I don’t know if it’s because I’m better informed or because things are worse than before. Maybe it’s a clever mix of the two? Still, there are a lot of people who find it difficult to be happy and light-hearted. And spending your vacation in a queue at the airport or in a monster traffic jam on the road to Gaspésie, it might perk you up for a few hours, but I’m afraid it won’t be enough in the long run.

So what to do? I wouldn’t have made this introduction if I didn’t have a great solution to offer you.

[Avertissement : l’auteur de ces lignes n’est ni psychologue, ni journaliste, ni même un influenceur santé et bien-être qui aurait eu un diplôme après trois heures dans une formation louche à Val-David, alors il te faudra sans doute en prendre et en laisser.]

We only have one life, it will probably be shorter than we think, so why spend it cluttering up with sources of irritation? My idea: get rid, partially or permanently, of some of these sources of irritation over which you have control. In particular, by cleaning up your social networks.

On my side, I started: a friend (whom I don’t know) is fired climatosceptic? I’m barring it! Another (whom I don’t know much) prefers not to hear women’s claims and goes a little glorious #NotAllMen to move on to another topic? I’m barring it! A stranger doesn’t like my columns and lands on my Facebook to insult me? I cross it twice!

Here are some other tricks you can easily apply:

Stop reading the hate columnists, who have been rambling on about the same thing for years anyway. As we know, social networks are a vicious circle: the more time we spend reading content that puts us off, the more the algorithm offers. But the reverse is also true! The less we read, the less we see. A very simple way to smile again!

Replace for a week or two your reading of short stories from the United States with that of very light summer novels. You’ll catch up on the killings, religious right advances, and science denial when you get back from vacation.

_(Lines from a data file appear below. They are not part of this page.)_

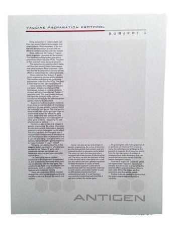 Screen used 'Subject 2' page from the Antigen Laboratory 'Vaccine Preparation Protocol' file, printed on grey stationary paper (11x8.5).
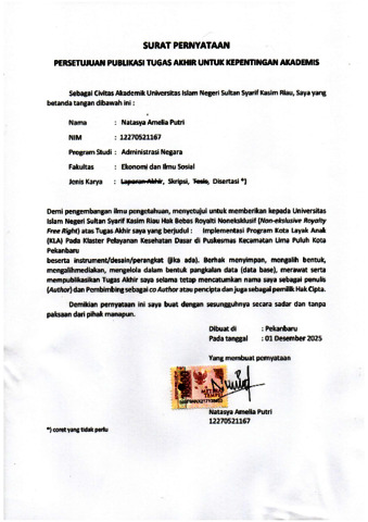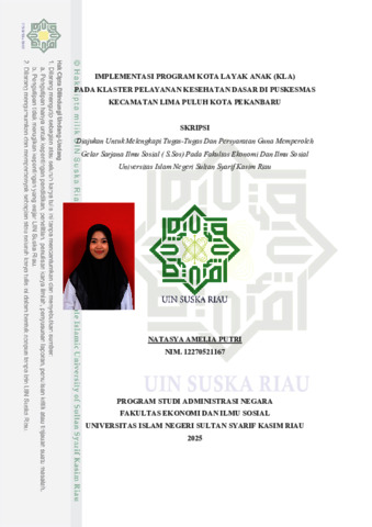 NATASYA AMELIA PUTRI, - (2025) IMPLEMENTASI PROGRAM KOTA LAYAK ANAK (KLA) PADA KLASTER PELAYANAN KESEHATAN DASAR DI PUSKESMAS KECAMATAN LIMA PULUH KOTA PEKANBARU. Skripsi thesis, Universitas Islam Negeri Sultan Syarif Kasim Riau.
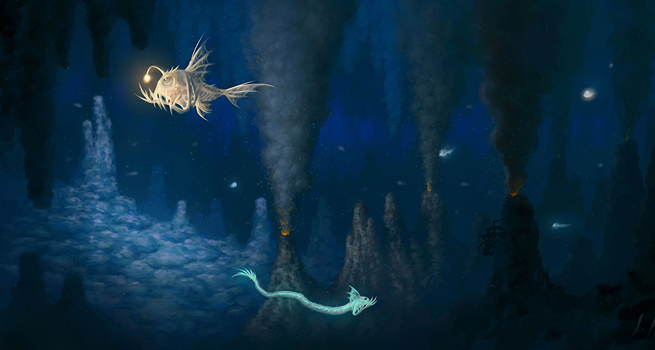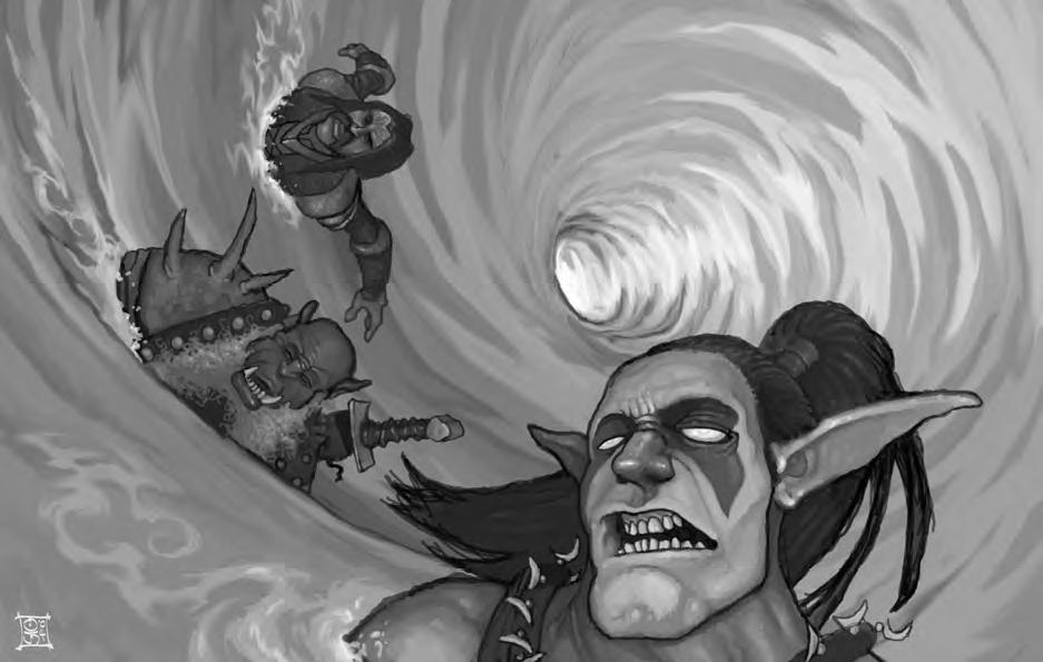 Traveling beneath the waves, within the Abyssal Maw itself, can be troublesome, and not just because of the need to breathe underwater. Vortices occasionally form of their own accord, creating tremendous tidal forces that threaten to tear apart their victims. Violent temperature shifts also move upward through the waters like bubbles rising from the ocean floor, subjecting travelers to bone-numbing cold. Parts of the Abyssal Maw are thousands of feet deep — so far down that even light doesn't reach the ocean floor. Traveling beneath the surface in these areas subjects travelers to intense pressure.

Temporarily suspend your use of Tinder and go drink lukewarm rosé or beer in a park with your gang of friends instead. Not trying to find the rare pearl in a sea of ​​weird people for a few days, it’s restful. (There seem to be a lot of pot-bellied men holding a fish in their hands. Is that supposed to be sexy?)

If you’re addicted to your Instagram account and staring at your feed for hours, subscribe to accounts like the_happy_broadcast, goodnews_movement, tanksgoodnews and more. They only share good news! Yes, it still exists! (There is surely also good news in French, I imagine. You can suggest some to me.)

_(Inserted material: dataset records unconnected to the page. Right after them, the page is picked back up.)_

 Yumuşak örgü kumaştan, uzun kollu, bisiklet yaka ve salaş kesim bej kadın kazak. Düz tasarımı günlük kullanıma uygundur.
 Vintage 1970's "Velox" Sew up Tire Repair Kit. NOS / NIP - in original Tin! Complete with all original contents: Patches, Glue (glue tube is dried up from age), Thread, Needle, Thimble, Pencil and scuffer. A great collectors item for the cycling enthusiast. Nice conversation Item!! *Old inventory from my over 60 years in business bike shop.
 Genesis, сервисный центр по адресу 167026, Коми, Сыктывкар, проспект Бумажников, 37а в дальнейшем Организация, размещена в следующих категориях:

Remember that if you want to take a break and not reveal anything about your life on social networks for 1 day or 2 or 10 or 1000, your subscribers will not suffer. As for you, their survival depends mainly on oxygen, water and coffee and not on your selfies in front of Percé Rock or in the airport toilets where you’ve been sleeping for three days.

If you feel like writing a long comment in response to someone you think is stupid in the media or on social media, go for a walk instead. Breathe. Roll in the grass. Dance. Pet a dog. In short, change your mind. Remember that even if you wrote to this person to tell them how stupid you think they are, they wouldn’t become less so by reading you.

Obviously, there are a host of small sources of irritation that we can never get rid of. Your neighbours’ stupid metallic chime will continue to make its useless din, my mother-in-law’s enraged neighbor will continue to bang on the ceiling reproaching her for walking around her apartment (with her feet, what a nerve!), my Sodastream machine will continue to spit water everywhere rather than carbonate it.

It takes a little effort, but come on, clean up and I wish you a happy and light end to the summer!